*** Task material ***

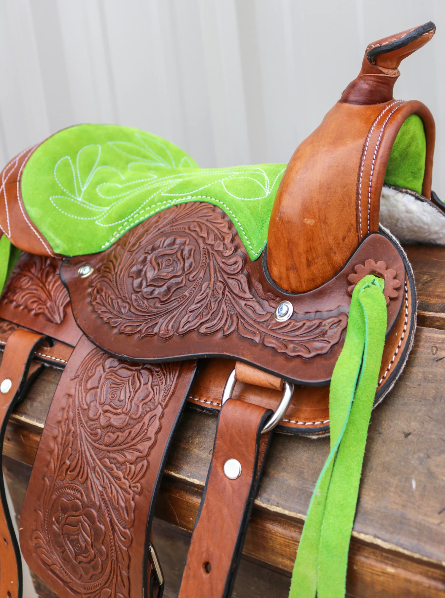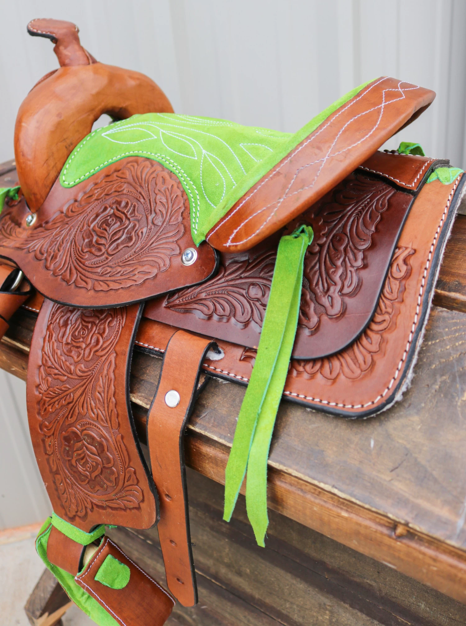 This is a comfortable and affordable Lime green/brown western kid saddle. Built for children with durable leather, hardware, and made to last. Can be used on a miniature horse, shetland pony, and normal sized pony. Great for kids from 5 years old to 10 years old. Can be used for pleasure and trail horse riding. MEASUREMENTS Horn – 2″ Skirt – 17″ x 15″ Wood Tree – 5″ Gullet Stirrups Size – 3 3/4″ Width, 2″ Tread Stirrups Range 20″- 26″ Measurement is from center of seat to the bottom of the stirrups. Weight – 10 lbs (approx.)
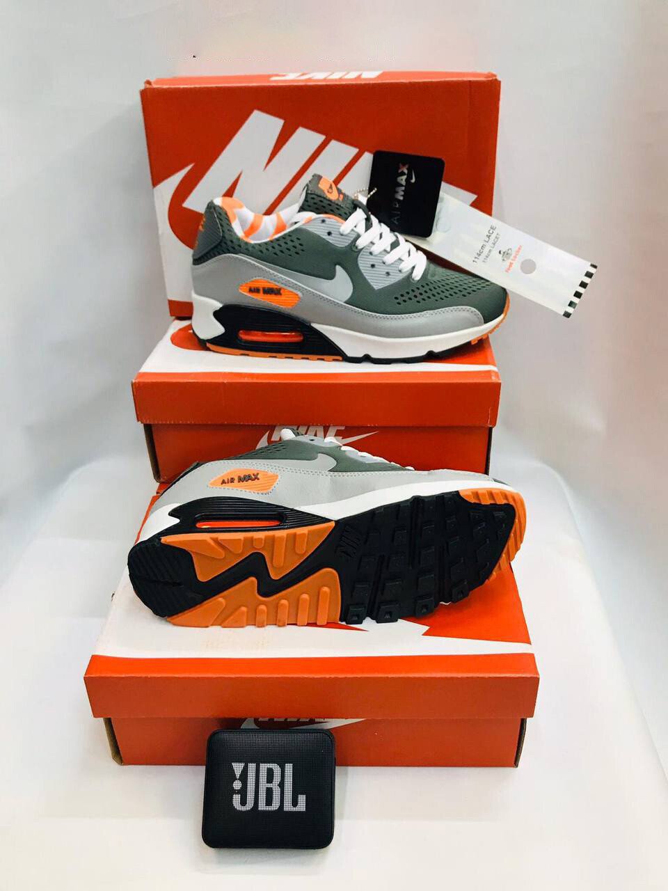 Nike Air Max 90 Tweed Dark Army Black Orange Blaze Grey Men’s Sneakers
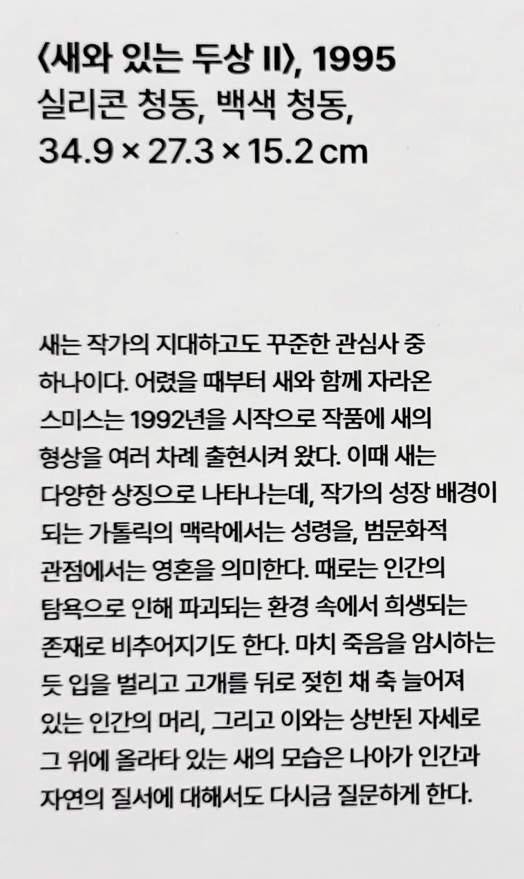 새는 키키 스미스의 꾸준한 관심사 중 하나입니다. 어렸을 때부터 새와 함께 자라온 스미스는 1992년을 시작으로 작품에 새의 형상을 여러 차례 출현시켜 왔습니다. 작품에서 새는 다양한 상징으로 나타나는데, 작가의 성장 배경이 되는 가톨릭의 맥락에서는 성령을, 범문화적 관점에서는 영혼을 의미하기도 합니다. 때로는 인간의 탐욕으로 인해 파괴되는 환경 속에서 희생되는 존재로 비추어지기도 합니다. 마치 죽음을 암시하는 듯 입을 벌리고 고개를 뒤로 젖힌 채 축 늘어져 있는 인간의 머리, 그리고 이와는 상반된 자세로 그 위에 올라타 있는 새의 모습은 나아가 인간과 자연의 질서에 대해서도 다시금 질문하게 합니다.
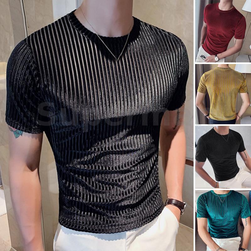 SUPER-M Camiseta De Moda Masculina De Veludo De Manga Curta Com Gola Redonda Solta Casual
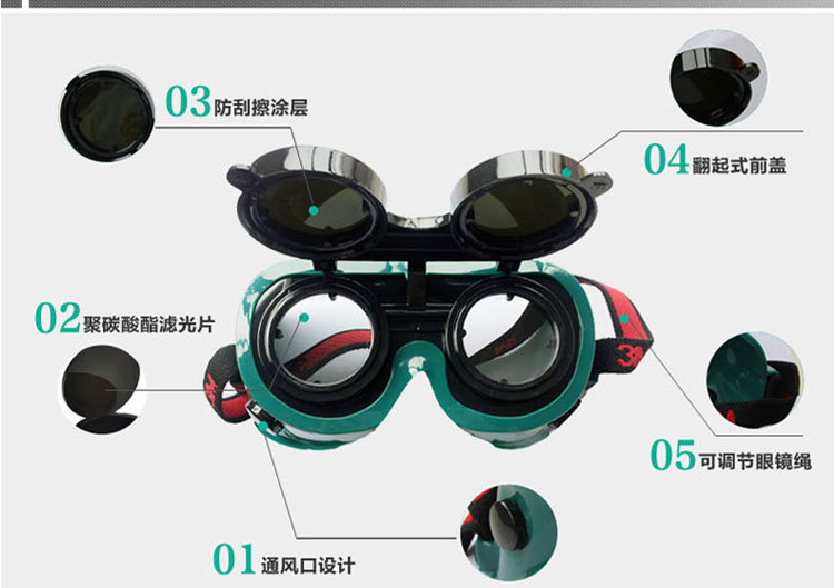 可翻起式前盖设计,镜片易于更换;采用IR5.0聚碳酸酯镜片的焊接防护眼镜,有效阻隔99%紫外线及98%红外线。 |
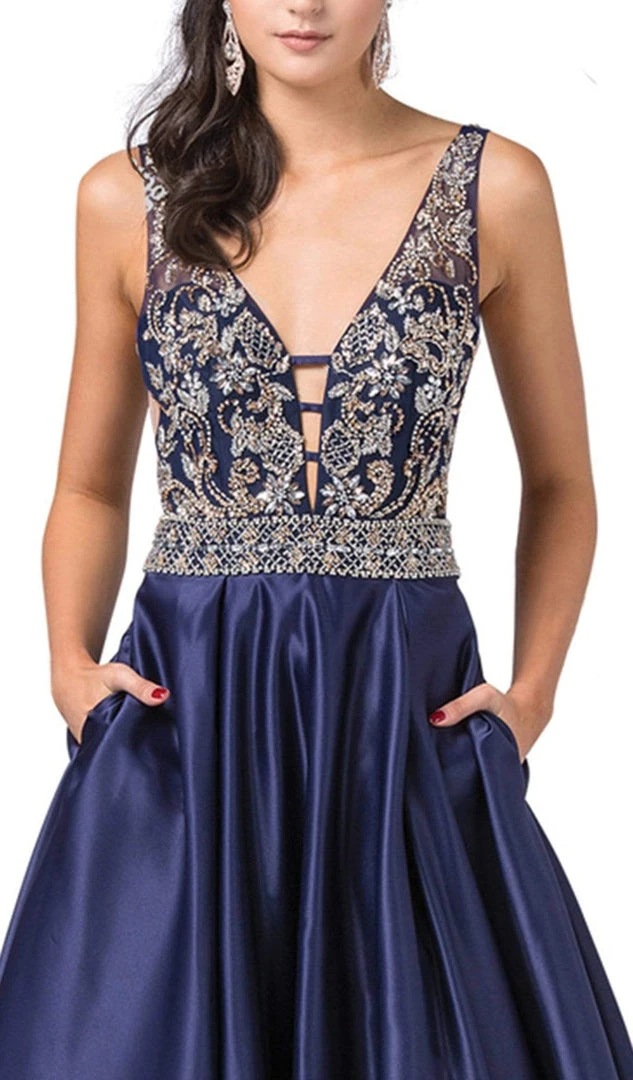 Glow with the stunning elegance like any other in this Dancing Queen 2512 creation. Exquisitely designed with a glistening display of intricate rhinestone motif, this beauty shows a plunging v-neckline accented with ladder banded accents. Captivatingly plunged with a v-open back, the A-line skirt is crowned with a beaded waist before it cascades into a full-length hemline. Craft a night of pure romantic flair in this Dancing Queen masterpiece.
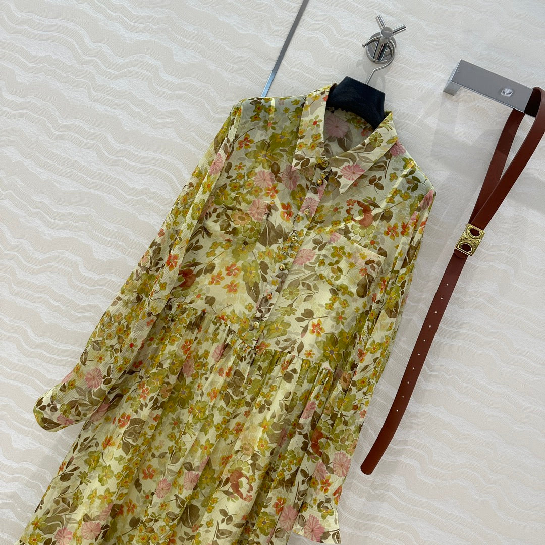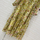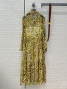 Celine Floral Pattern Dress Green Silk
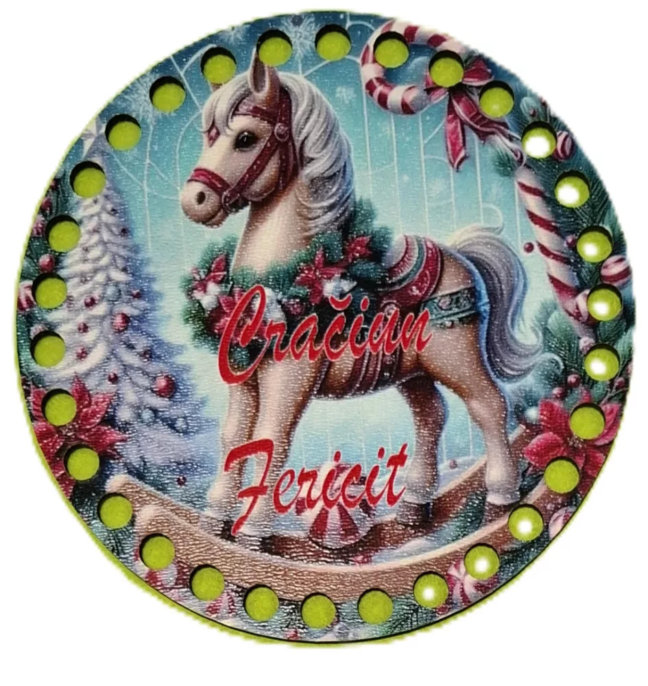 12cm Baza din lemn crosetabil imprimat Cal balansoar cu inscripție de Craciun Fericit˘. Cu gaura de 7mm, 1 bucata, grosime 2,5mm.

*** End of Task material ***

• **Problem to work on**: The answer should hold every line of the listing, copied exactly, with no pictures.

• **Answer to the exercise**:
 This is a comfortable and affordable Lime green/brown western kid saddle. Built for children with durable leather, hardware, and made to last. Can be used on a miniature horse, shetland pony, and normal sized pony. Great for kids from 5 years old to 10 years old. Can be used for pleasure and trail horse riding. MEASUREMENTS Horn – 2″ Skirt – 17″ x 15″ Wood Tree – 5″ Gullet Stirrups Size – 3 3/4″ Width, 2″ Tread Stirrups Range 20″- 26″ Measurement is from center of seat to the bottom of the stirrups. Weight – 10 lbs (approx.)
 Nike Air Max 90 Tweed Dark Army Black Orange Blaze Grey Men’s Sneakers
 새는 키키 스미스의 꾸준한 관심사 중 하나입니다. 어렸을 때부터 새와 함께 자라온 스미스는 1992년을 시작으로 작품에 새의 형상을 여러 차례 출현시켜 왔습니다. 작품에서 새는 다양한 상징으로 나타나는데, 작가의 성장 배경이 되는 가톨릭의 맥락에서는 성령을, 범문화적 관점에서는 영혼을 의미하기도 합니다. 때로는 인간의 탐욕으로 인해 파괴되는 환경 속에서 희생되는 존재로 비추어지기도 합니다. 마치 죽음을 암시하는 듯 입을 벌리고 고개를 뒤로 젖힌 채 축 늘어져 있는 인간의 머리, 그리고 이와는 상반된 자세로 그 위에 올라타 있는 새의 모습은 나아가 인간과 자연의 질서에 대해서도 다시금 질문하게 합니다.
 SUPER-M Camiseta De Moda Masculina De Veludo De Manga Curta Com Gola Redonda Solta Casual
 可翻起式前盖设计,镜片易于更换;采用IR5.0聚碳酸酯镜片的焊接防护眼镜,有效阻隔99%紫外线及98%红外线。 |
 Glow with the stunning elegance like any other in this Dancing Queen 2512 creation. Exquisitely designed with a glistening display of intricate rhinestone motif, this beauty shows a plunging v-neckline accented with ladder banded accents. Captivatingly plunged with a v-open back, the A-line skirt is crowned with a beaded waist before it cascades into a full-length hemline. Craft a night of pure romantic flair in this Dancing Queen masterpiece.
 Celine Floral Pattern Dress Green Silk
 12cm Baza din lemn crosetabil imprimat Cal balansoar cu inscripție de Craciun Fericit˘. Cu gaura de 7mm, 1 bucata, grosime 2,5mm.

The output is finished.